Introduction
Azure AI Language is a cloud-based Natural Language Processing (NLP) service. It allows users to understand and analyze text with features such as key phrase extraction, entity recognition, personally identifiable information (PII) detection, and more. Learn more here: What is Azure AI Language?.
The azure_ai
extension for Azure Database for PostgreSQL flexible server integrates the database with the Azure AI Language services. It provides user-defined functions to access the language APIs within SQL. This access allows you to extract insights from text directly from the database without writing natural language processing code in client applications.
Example scenario
Consider a company that provides vacation listings. The company's marketing team wants to better understand customer preferences by identifying the key phrases in the most popular listings and highlighting which businesses, attractions, and places are highlighted. Also, the company's information security team wants to scan listings for personally identifiable information (PII) to ensure safety and privacy.
Learning objectives
To accomplish our three tasks, you use the azure_ai
extension to integrate an Azure Database for PostgreSQL flexible server with Azure AI Language. First, you extract the key phrases from listing descriptions and store them in the database, enabling the data science team to analyze which appear the most in popular listings. Then, you extract & store named entities for the same purpose. Lastly, you flag all PII listings and store the redacted text.
The main goal is to understand how to use the azure_ai
PostgreSQL extension to access these Azure AI Language services: key phrase extraction, entity recognition, and PII detection. You learn how to access these APIs in SQL and store the result data in columns.

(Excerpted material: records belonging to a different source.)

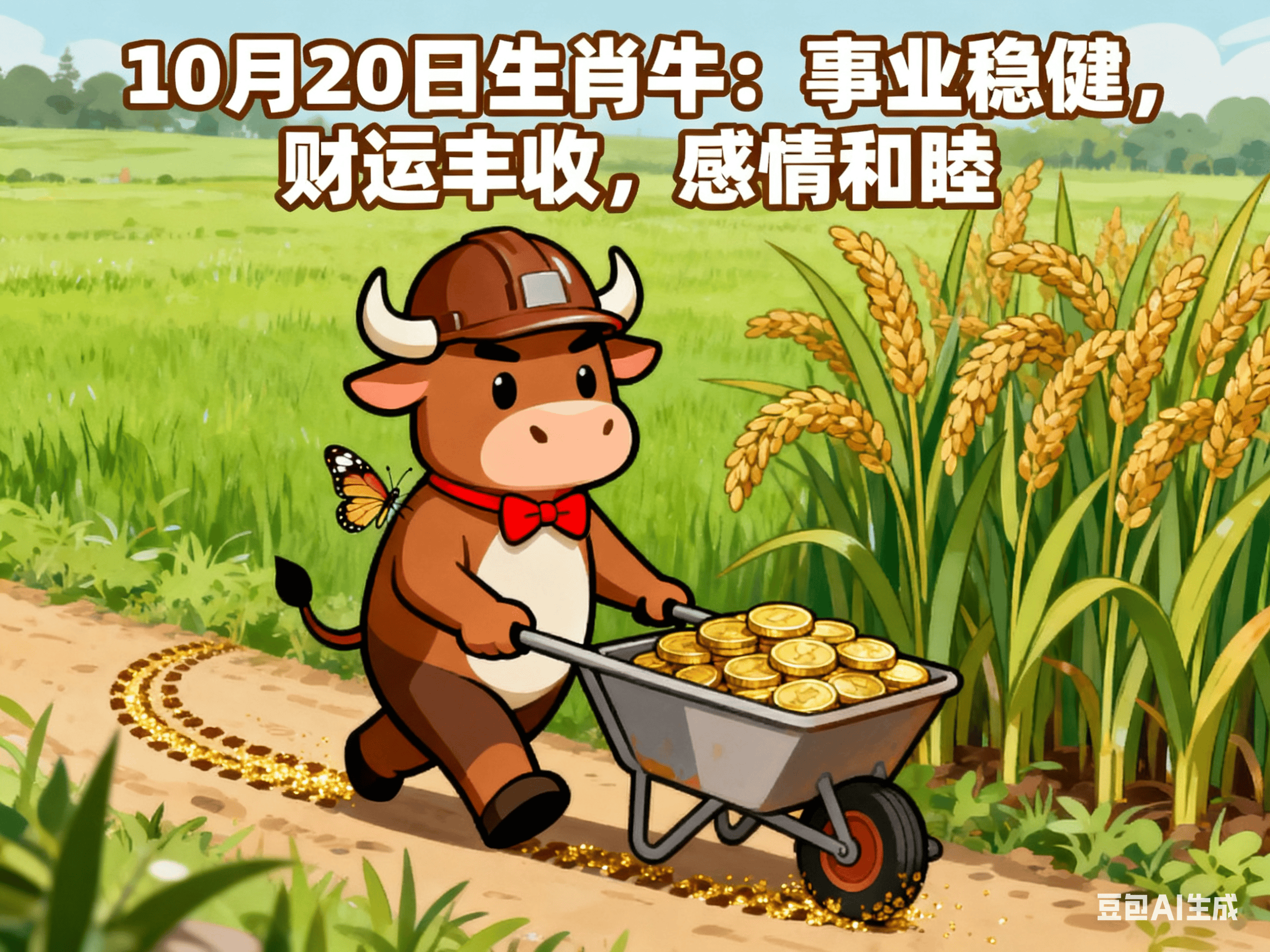 鼠:10月20日,属鼠的朋友运势较为平稳。工作上会有一些小的任务安排,只要按部就班完成,能得到不错的反馈。在人际关系方面,有机会结识新的朋友,拓展自己的社交圈。感情上,单身者可能会有一些邂逅,要留意身边的缘分。
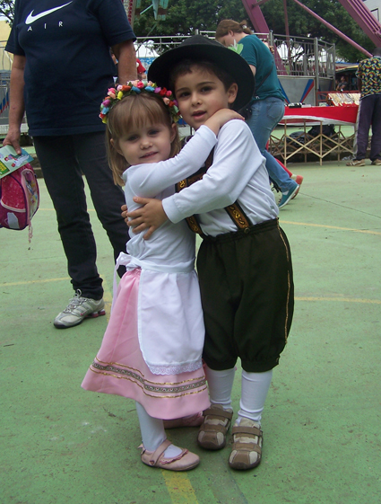 Com roupas típicas: Leonardo e Luis Felipe Voigt
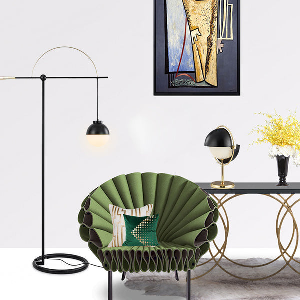 Contemporary Scandinavian Fishing Rod Iron Glass 1-Light Standing Floor Lamp For Living Room

Setup: enable and authorize azure_ai
This learning path uses the azure_ai
extension. There are a few steps to install and configure it. You need to add it to your allowlist as described in how to use PostgreSQL extensions. Then, install the extension by running this SQL query:
CREATE EXTENSION azure_ai;
If you want to remove the extension, use:
DROP EXTENSION azure_ai;
Installing the extension creates these three schemas:
azure_ai
: the main schema storing configuration data & functions.azure_openai
: functions and composite types related to OpenAI.azure_cognitive
: functions and composite types related to Cognitive Services.
Our tasks use Azure Cognitive Services. After enabling and configuring the azure_ai
extension, you can integrate it with Azure Cognitive Services to access key phrase extraction from SQL.
If you don't already have one, create a Language resource in the Azure portal. Once you have a Language resource, go to Resource Management > Keys and Endpoint to get your key and endpoint for Azure Cognitive Services.
Next, authorize the Azure Database for PostgreSQL flexible server's azure_ai
extension by running this SQL:
select azure_ai.set_setting('azure_cognitive.endpoint','https://<endpoint>.cognitiveservices.azure.com');
select azure_ai.set_setting('azure_cognitive.subscription_key', '<API Key>');
-- the region setting is only required for the translate function
select azure_ai.set_setting('azure_cognitive.region', '<API Key>');
More information is available in the Azure Cognitive Services documentation.